The problem: Technology is complex. Most people have no idea how computers really work. It will take more than a lifetime for one person to understand it totally. Right from the silicon wafer to operating system, to the data being transmitted as 1s and 0s on the wire (or wireless). It has taken many brains to put this all together. One does not need to know the intricate details of technology but understanding what can go wrong with it is a gift.

In over twenty-five years in technology, mostly spent designing, building and operating technology infrastructure, I have not always been successful in preventing disasters. But I can tell you a thing or two, or maybe more, that may have prevented many.

A few weeks ago, I was chatting to a colleague, and we were talking about fighting fires (aka Major Incidents in the IT speak). I have fought a few such fires. It has always occurred to me how do I stop these fires in occurring altogether. I get my high from preventing these fires in the first place. It may be boring, does not come with accolades of bringing a broken system back to life.

“Rarely is anyone ever thanked for the work they did to prevent the disaster that never happened.”
-Mikko Hypponen, Finnish cybersecurity expert, author.

The approach I learnt from my peers and leaders when designing technology infrastructure involves a bit of thinking. Thinking about systems as a whole. Thinking about complex systems. Thinking about how they are interconnected and interdependent. Thinking about what can fail where. And when. Thinking about the spread of impact when (not if) things fail, a.k.a. blast radius. Then add to the list some layers – backup layers, protection layers and recoverability layers. One cannot keep thinking forever, unless a philosopher by profession! The act of putting all the thinking together and the testing and simulating failures is rewarding. When it fails – in simulation or in real, lessons are captured, tweaks made. The cycle continues.

Systems Thinking: This is where it all begins. Even a single laptop that one can buy for $500 is a hugely complex. If we talk about Microsoft Windows 11, the fundamentals have still not changed since Windows 95/ Windows NT days. The operating system, file system, authentication use the same principles. Some filenames are still the same (yes, the code has changed). Anyone wants to talk regedit? Anyways, I digress. A computer connected to corporate network and Internet for its apps can be regarded as a complex system. People who deal with complex systems day in and day out know that complex systems fail. Complex systems have entropy, they will move from order to disorder. (Entropy, put simply, is the tendency of things to break down, to wear out over time.) Anticipate failure. I came across this in my LinkedIn feed – How Complex Systems Fail. It is a must-read if you deal with systems and failures. Talk about systemic failure, eh!

Points of Failure: There will be always multiple points of failure. Let’s first digest a local fact. Currently in New Zealand, there are no Tier 4 Data Centres, a data centre that can guarantee 99.995% of availability. (Read more about data centre tiers at Uptime Institute). If a service is hosted locally (private cloud or co-located) then there is always a chance that it will fail. Well, it does not mean that if it is hosted in the public cloud, it won’t. Where the service is hosted is one piece of the puzzle, how it is architected is the next piece. Business and technology leaders must realize and recognise the points of failure.

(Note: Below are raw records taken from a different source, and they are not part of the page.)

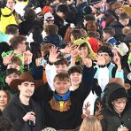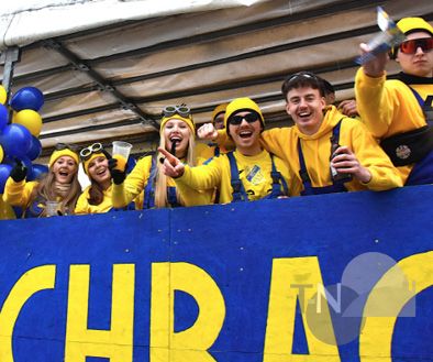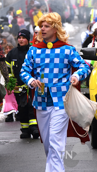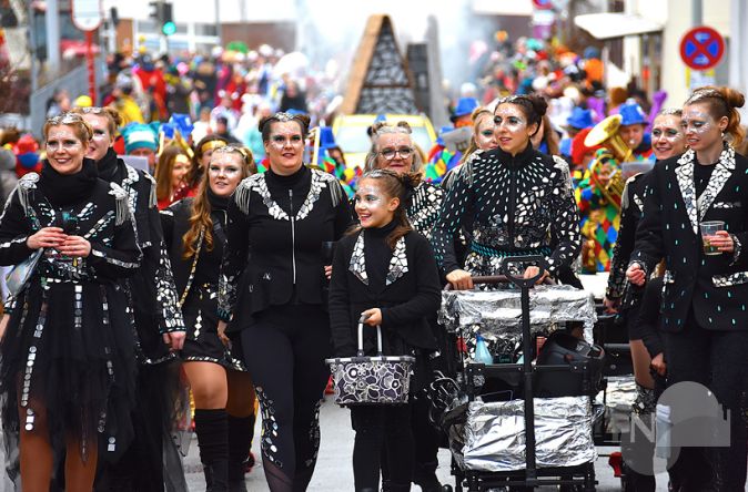 Wer in die Gesichter der Kleinsten guckte, sah schnell, dass dem Fastnachts-Nachwuchs das Wetter im Grunde überhaupt nichts ausmachte: Kein Gemecker und Gemotze, kein „Mir ist ka-haaaalt!“, keine quengelnden „Ich will nach Hause“-Kinder, die an dem Ärmel der Eltern ziehen – viel zu groß war die Freude über den ellenlangen Umzug und über die unters Volk geworfenen Süßigkeiten. Wenn selbige dann und wann in einer Pfütze landen sollten, tat das der Sammelwut der Junioren keinen Abbruch, raus aus der Pfütze, rein in die Tüte, Hände abputzen, weiter machen!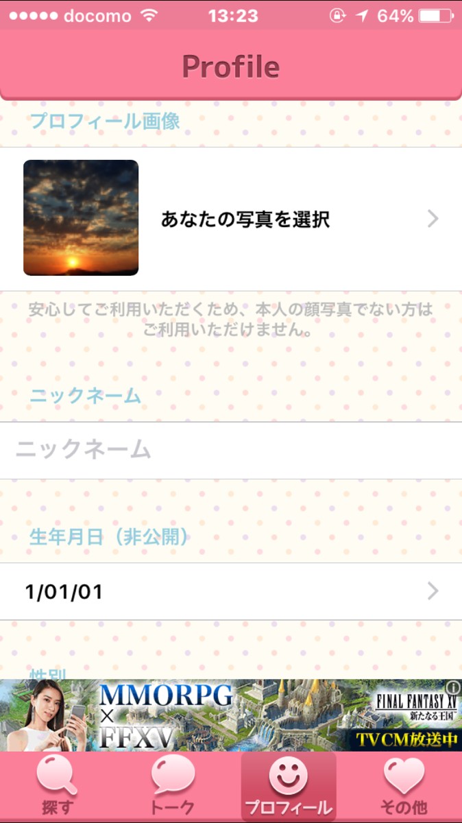 名前の登録もニックネームのみ、誕生日の記入は非公開、住所などの個人情報は記入なしなので安心です。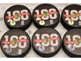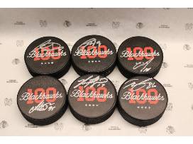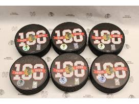 Set of 6 Autographed Centennial '100' Logo Blackhawks Pucks

Blast Radius: It is an interesting term, and it sticks with people. There are two aspects of this. One – the immediate damage. Second – the collateral damage. The collateral damage is bigger than the immediate damage. It kills reputation and bleeds money. A key principle is to keep the blast radius as small as possible when things go wrong. You can’t do it after the fact, systems need to be designed keeping it in mind. This practice dates back many years. When anti-virus updates or system patches were rolled out, they were tested and then rolled out in a staggered way. Yes, things failed even after testing. You can only do that when it is a push-pull system (you pull the updates and then push as you wish). What happens when you have no control on what gets pushed to your system and when. You cannot manage the blast radius. The entire organisation is in the blast radius. Some years ago, it was impossible for vendors to sell software products that the business had no control on. With the CrowdStrike event, these discussions will be at the table again.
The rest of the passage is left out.